▸ **Exercise aim**
The whole listing should be retyped word for word, apart from the pictures it holds.

▸ **Material provided**

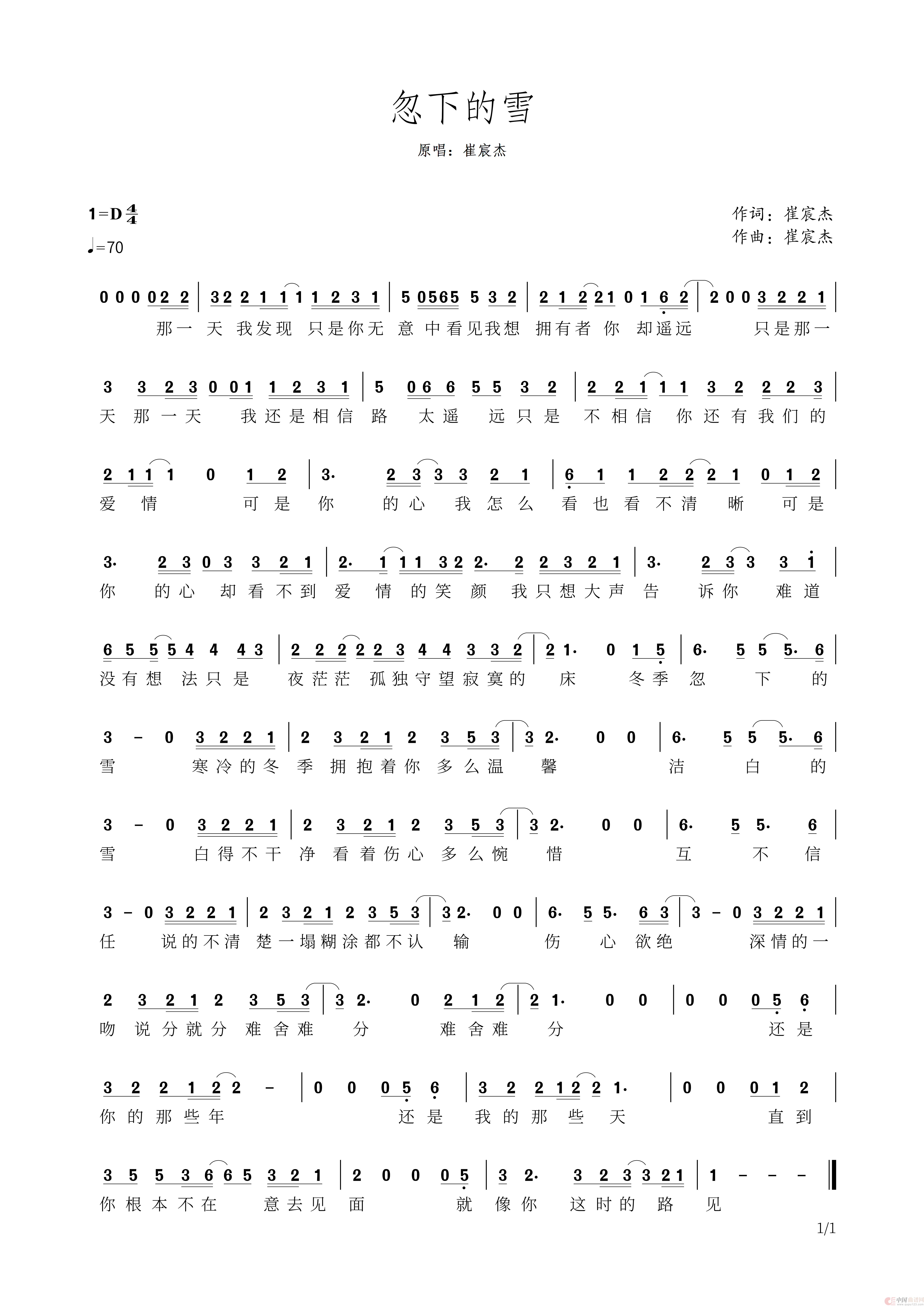 华语流行乐男歌手崔宸杰的歌曲《忽下的雪》歌谱简谱。
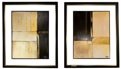 Moldura Preta Champanhe e Vidro C/ Pintura Abstrata Tons Pretos e Dourados 106x127cm
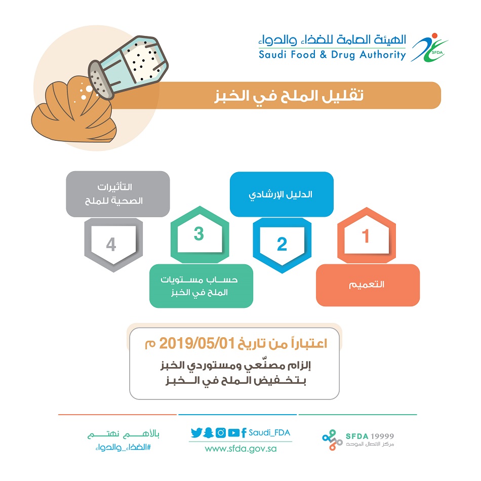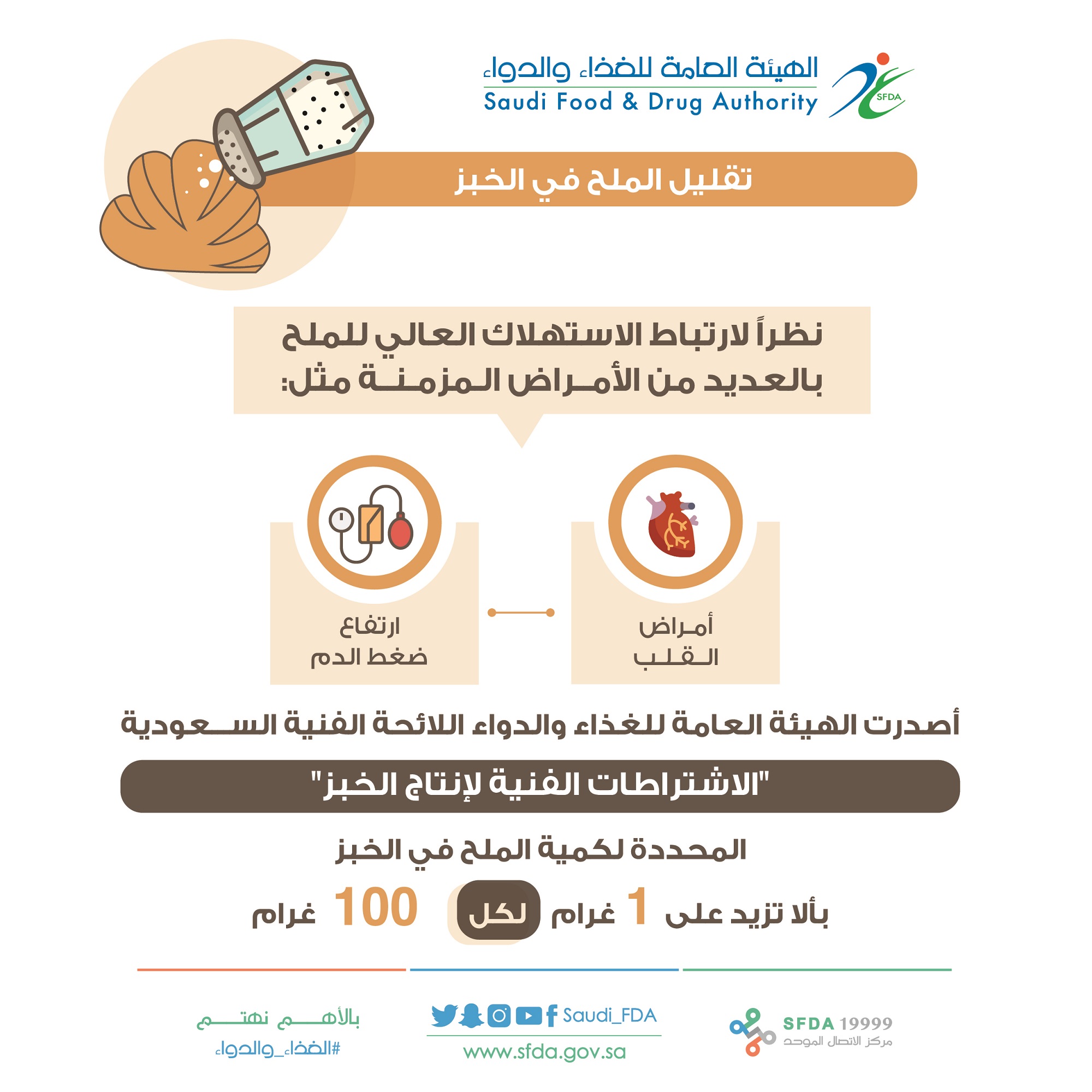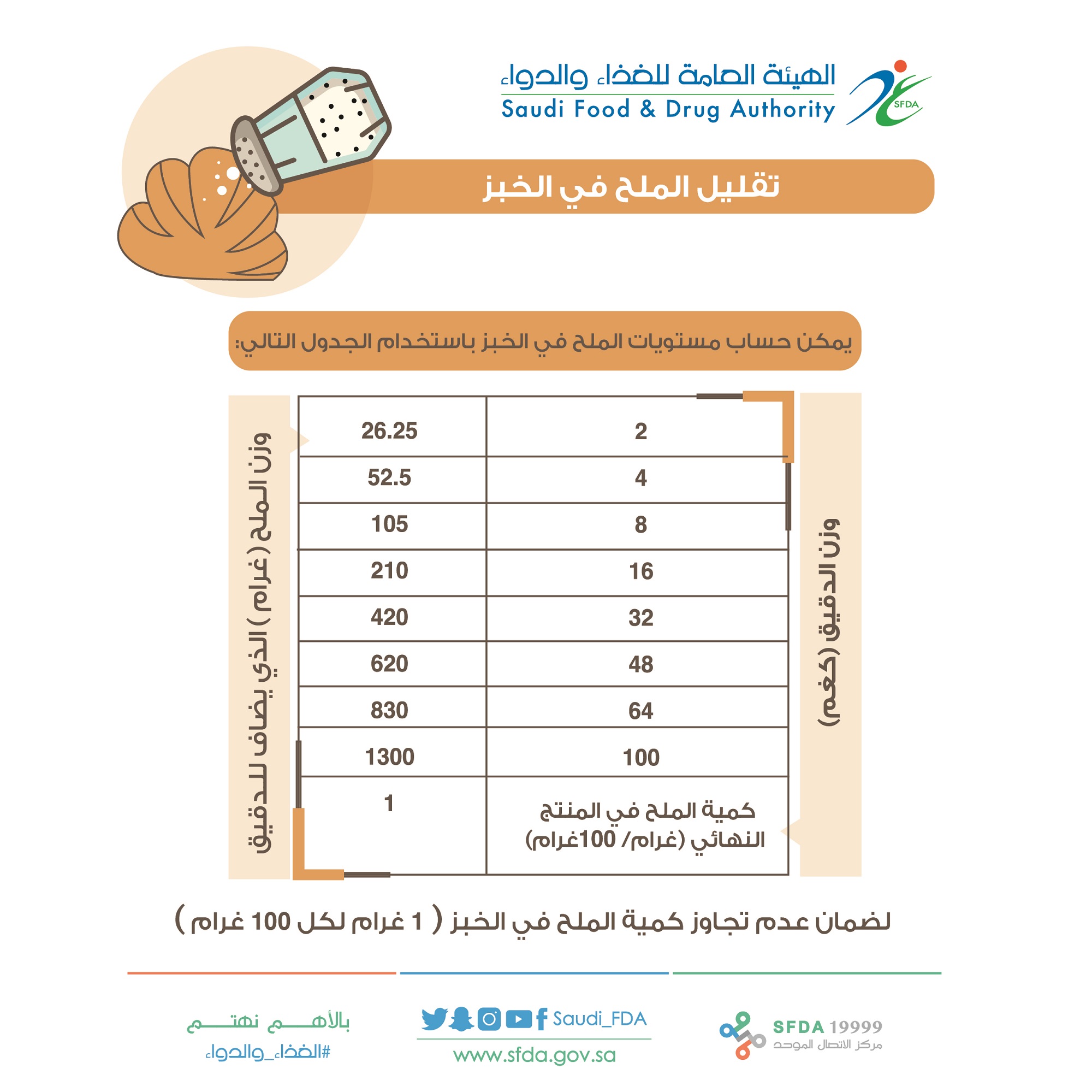 تقليل الملح في الخبز آنفوجرافيك حساب مستويات الملح في الخبز التأثيرات الصحية للملح معلومات التعميم دليل إرشادي

▸ **Output**
 华语流行乐男歌手崔宸杰的歌曲《忽下的雪》歌谱简谱。
 Moldura Preta Champanhe e Vidro C/ Pintura Abstrata Tons Pretos e Dourados 106x127cm
 تقليل الملح في الخبز آنفوجرافيك حساب مستويات الملح في الخبز التأثيرات الصحية للملح معلومات التعميم دليل إرشادي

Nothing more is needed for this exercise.